Die Beklagte hat dem Gutachten von Dr. S. insoweit widersprochen, als der Erstgesundheitsschaden als anspruchbegründende Tatsache vollbeweislich zu sichern sei. Der Kniebinnenschaden sei erst 24 Jahre nach dem angeschuldigten Ereignis erstmalig befundet worden.

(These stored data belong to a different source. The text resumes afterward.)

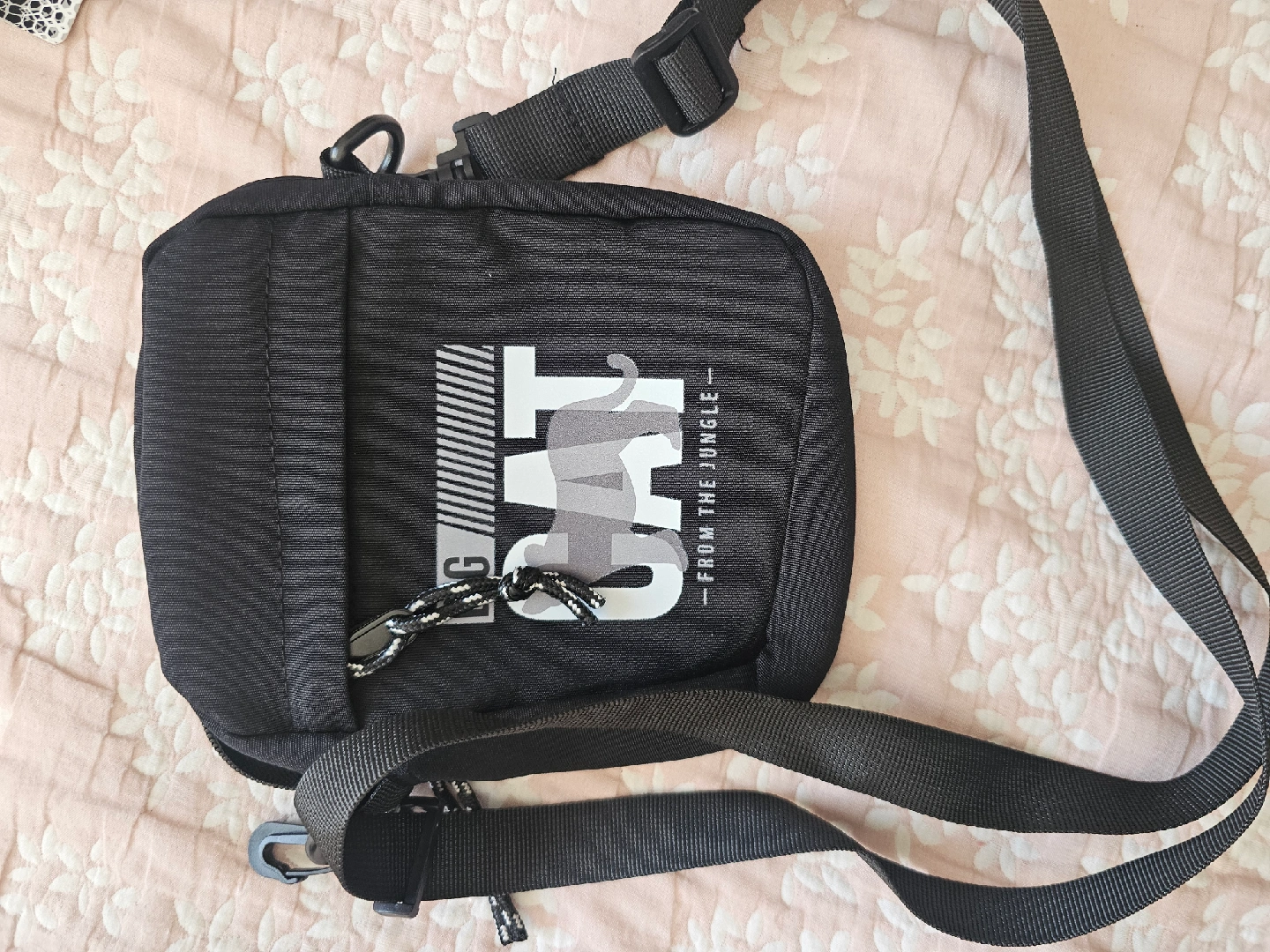 crossbody bag in black and perfect for carrying your essentials! Features a cool logo design. It's lightweight and easy to carry around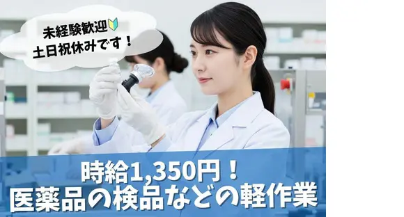 医薬品の目視検査や梱包などの軽作業スタッフ/高時給1350円~◎土日祝休み&髪型自由♪超シンプルな軽作業で未経験さん&女性も大活躍中です♪プライベートと両立可能◎#QUOカードプレゼントキャンペーン中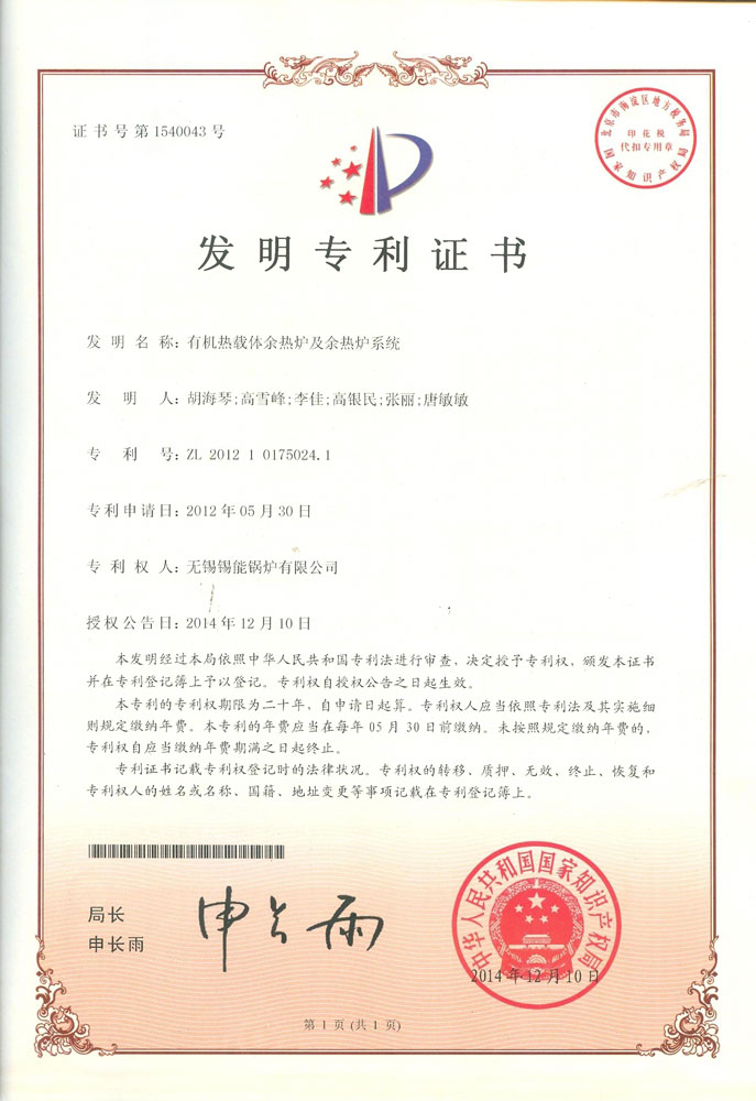 • 發明專利201210175024.1有機熱載體余熱爐及余熱爐系統

Die Prozessbevollmächtigte der Klägerin hat eine Eidesstattliche Versicherung der Klägerin selbst vom 31. Juni 2006 beigebracht, nach der sie bekundet, beim damaligen Schulunfall einen Kreuzbandriss erlitten zu haben, der zu den heutigen Verletzungen ihres rechten Kniegelenks geführt habe. Sie habe vor oder nach dem Ereignis vom 25. November 1974 keine weiteren Verletzungen im rechten Kniegelenk erlitten. Die heute festgestellten Verletzungen des rechten Kniegelenks seien ausschließlich auf das Unfallereignis vom 25. November 1974 zurückzuführen.

Die Beklagte hat entgegnet, ein Gesundheitsschaden müsse als anspruchsbegründende Tatsache vollbeweislich gegeben sein. Trotz umfangreicher Ermittlungen habe ein Erstbefund zeitnah zum Ereignis nicht beigebracht werden können. Es bestehe lediglich die Möglichkeit, dass sich die Klägerin am 25. November 1974 eine Verletzung am rechten Knie zugezogen habe, welche später weiterhin behandlungsbedürftig gewesen sei.

Auf gerichtliche Anfrage hat Dr. K. vom Gesundheitsamt des A. S. unter dem 3. April 2006 mitgeteilt, dass trotz intensivster Nachforschungen im Kreisarchiv keine Behandlungsunterlagen gefunden worden seien. Im Übrigen hat die Ärztin auf die Aufbewahrungspflicht von 10 Jahren nach Abschluss der Behandlung hingewiesen.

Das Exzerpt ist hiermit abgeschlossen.